### Record set

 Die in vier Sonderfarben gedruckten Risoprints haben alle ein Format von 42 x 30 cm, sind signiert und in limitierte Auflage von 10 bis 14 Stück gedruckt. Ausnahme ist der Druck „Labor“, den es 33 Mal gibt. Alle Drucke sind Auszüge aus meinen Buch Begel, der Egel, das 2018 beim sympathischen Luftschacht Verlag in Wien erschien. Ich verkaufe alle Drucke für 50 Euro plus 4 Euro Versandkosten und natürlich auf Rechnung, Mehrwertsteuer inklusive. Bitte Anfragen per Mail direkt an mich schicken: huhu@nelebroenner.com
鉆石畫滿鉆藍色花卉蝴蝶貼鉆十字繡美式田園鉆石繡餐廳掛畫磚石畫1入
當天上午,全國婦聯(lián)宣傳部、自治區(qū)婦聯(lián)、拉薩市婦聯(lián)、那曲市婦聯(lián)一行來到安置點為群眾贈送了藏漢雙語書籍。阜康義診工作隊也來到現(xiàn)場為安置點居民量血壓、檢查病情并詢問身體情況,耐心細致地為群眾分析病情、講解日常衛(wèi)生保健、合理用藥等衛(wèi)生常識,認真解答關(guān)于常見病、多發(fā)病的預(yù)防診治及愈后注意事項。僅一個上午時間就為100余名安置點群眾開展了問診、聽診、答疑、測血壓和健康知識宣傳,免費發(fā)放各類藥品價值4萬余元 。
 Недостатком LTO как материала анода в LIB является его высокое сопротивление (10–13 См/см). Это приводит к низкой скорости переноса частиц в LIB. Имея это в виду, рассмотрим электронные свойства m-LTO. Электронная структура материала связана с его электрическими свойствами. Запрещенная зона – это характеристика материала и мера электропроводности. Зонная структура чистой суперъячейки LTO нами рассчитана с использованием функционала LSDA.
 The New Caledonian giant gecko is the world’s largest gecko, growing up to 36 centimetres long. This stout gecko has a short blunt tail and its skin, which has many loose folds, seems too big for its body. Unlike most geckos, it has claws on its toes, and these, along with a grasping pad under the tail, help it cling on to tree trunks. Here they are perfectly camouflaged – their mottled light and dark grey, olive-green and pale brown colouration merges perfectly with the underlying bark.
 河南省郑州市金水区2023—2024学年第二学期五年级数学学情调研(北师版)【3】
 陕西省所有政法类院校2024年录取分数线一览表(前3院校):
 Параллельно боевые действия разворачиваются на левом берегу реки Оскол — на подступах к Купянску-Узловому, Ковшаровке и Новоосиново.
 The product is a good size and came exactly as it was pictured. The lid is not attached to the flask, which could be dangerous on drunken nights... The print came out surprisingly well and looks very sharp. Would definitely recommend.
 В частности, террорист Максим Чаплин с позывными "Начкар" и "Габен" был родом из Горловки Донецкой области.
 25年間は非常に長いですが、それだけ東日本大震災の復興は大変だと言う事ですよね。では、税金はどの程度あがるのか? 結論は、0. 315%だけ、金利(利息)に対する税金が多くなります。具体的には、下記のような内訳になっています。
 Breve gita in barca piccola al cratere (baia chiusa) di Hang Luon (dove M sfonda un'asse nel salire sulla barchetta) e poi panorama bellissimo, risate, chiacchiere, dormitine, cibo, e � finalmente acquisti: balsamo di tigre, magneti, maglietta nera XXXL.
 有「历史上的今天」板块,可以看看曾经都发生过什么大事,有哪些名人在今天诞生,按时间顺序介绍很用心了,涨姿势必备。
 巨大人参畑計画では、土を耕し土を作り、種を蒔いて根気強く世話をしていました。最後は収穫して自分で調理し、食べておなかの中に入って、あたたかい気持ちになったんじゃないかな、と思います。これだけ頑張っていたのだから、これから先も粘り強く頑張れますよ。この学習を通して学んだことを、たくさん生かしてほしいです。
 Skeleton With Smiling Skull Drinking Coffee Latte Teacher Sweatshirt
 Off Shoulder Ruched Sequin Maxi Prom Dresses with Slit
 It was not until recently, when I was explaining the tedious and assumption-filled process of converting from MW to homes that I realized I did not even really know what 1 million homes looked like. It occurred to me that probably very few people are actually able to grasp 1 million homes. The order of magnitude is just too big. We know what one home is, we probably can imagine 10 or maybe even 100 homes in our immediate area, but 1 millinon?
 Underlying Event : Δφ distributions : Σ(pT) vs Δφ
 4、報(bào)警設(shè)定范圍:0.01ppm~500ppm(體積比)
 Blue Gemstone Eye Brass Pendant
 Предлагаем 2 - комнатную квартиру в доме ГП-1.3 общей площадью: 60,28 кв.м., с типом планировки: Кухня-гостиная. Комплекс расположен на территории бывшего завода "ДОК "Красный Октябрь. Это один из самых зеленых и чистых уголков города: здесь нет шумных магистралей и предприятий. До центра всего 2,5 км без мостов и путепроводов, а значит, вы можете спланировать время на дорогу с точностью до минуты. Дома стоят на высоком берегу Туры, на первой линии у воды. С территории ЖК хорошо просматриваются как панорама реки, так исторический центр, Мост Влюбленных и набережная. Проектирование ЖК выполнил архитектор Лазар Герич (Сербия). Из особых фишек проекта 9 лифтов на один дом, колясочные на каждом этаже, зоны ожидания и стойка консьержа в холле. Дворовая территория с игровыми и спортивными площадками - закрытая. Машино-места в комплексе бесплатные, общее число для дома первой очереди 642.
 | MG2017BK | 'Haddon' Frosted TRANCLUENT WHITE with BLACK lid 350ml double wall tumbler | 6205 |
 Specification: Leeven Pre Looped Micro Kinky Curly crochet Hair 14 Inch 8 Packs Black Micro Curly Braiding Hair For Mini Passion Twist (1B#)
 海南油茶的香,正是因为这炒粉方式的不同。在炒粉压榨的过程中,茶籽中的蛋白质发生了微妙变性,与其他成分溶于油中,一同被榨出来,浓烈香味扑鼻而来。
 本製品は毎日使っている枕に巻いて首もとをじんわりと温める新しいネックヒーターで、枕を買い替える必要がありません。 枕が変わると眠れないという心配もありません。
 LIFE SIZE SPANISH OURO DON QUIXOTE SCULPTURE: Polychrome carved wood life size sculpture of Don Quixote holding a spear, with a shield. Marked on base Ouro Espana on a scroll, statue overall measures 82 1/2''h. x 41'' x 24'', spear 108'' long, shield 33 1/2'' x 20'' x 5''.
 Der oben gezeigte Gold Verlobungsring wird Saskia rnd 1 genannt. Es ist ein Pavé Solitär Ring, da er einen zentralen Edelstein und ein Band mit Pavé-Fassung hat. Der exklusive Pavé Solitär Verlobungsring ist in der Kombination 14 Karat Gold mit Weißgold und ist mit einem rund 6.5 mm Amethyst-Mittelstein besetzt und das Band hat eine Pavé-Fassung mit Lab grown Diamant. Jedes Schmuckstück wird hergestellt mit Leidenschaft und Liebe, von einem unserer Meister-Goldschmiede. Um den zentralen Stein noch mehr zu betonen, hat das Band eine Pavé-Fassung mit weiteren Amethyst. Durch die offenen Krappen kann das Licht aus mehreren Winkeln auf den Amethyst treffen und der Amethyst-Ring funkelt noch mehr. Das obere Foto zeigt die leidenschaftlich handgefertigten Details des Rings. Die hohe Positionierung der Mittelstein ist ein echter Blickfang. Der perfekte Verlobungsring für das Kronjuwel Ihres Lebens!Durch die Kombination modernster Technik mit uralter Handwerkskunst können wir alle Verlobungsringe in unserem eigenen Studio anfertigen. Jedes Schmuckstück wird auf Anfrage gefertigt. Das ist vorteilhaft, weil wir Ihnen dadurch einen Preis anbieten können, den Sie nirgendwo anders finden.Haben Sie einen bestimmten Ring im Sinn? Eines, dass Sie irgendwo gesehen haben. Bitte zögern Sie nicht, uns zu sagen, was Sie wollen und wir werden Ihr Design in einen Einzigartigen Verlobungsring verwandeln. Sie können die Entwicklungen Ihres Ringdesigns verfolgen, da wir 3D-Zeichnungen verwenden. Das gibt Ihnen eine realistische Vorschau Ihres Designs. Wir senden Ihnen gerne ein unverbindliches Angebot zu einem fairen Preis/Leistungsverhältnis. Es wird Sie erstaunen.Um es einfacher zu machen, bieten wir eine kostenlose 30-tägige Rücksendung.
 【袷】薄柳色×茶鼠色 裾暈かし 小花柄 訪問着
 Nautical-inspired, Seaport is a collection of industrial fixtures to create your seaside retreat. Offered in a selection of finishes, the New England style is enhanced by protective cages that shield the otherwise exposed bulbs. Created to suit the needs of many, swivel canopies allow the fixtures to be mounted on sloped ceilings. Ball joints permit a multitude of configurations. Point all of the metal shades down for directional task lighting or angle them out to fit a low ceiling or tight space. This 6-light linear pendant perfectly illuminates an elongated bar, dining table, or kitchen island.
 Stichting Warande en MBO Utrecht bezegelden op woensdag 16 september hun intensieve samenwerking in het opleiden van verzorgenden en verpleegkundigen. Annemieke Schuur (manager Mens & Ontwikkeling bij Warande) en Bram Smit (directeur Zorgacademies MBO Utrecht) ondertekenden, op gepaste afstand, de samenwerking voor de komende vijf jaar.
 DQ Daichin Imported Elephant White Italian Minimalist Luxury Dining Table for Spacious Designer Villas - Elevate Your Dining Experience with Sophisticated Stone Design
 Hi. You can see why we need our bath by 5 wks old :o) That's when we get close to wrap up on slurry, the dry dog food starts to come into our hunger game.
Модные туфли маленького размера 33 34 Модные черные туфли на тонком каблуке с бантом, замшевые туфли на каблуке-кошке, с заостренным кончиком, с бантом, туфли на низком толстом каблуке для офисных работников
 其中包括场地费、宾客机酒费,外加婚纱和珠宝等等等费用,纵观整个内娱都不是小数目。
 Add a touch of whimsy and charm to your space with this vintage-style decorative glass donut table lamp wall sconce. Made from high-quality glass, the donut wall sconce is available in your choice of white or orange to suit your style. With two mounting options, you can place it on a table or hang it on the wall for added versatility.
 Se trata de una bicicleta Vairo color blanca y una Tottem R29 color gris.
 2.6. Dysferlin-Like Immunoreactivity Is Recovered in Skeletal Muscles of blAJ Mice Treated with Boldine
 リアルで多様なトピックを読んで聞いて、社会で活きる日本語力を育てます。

### What is needed
Looking at the data above, show all lines where the word "size" occurs.

### Response box
 The product is a good size and came exactly as it was pictured. The lid is not attached to the flask, which could be dangerous on drunken nights... The print came out surprisingly well and looks very sharp. Would definitely recommend.
 LIFE SIZE SPANISH OURO DON QUIXOTE SCULPTURE: Polychrome carved wood life size sculpture of Don Quixote holding a spear, with a shield. Marked on base Ouro Espana on a scroll, statue overall measures 82 1/2''h. x 41'' x 24'', spear 108'' long, shield 33 1/2'' x 20'' x 5''.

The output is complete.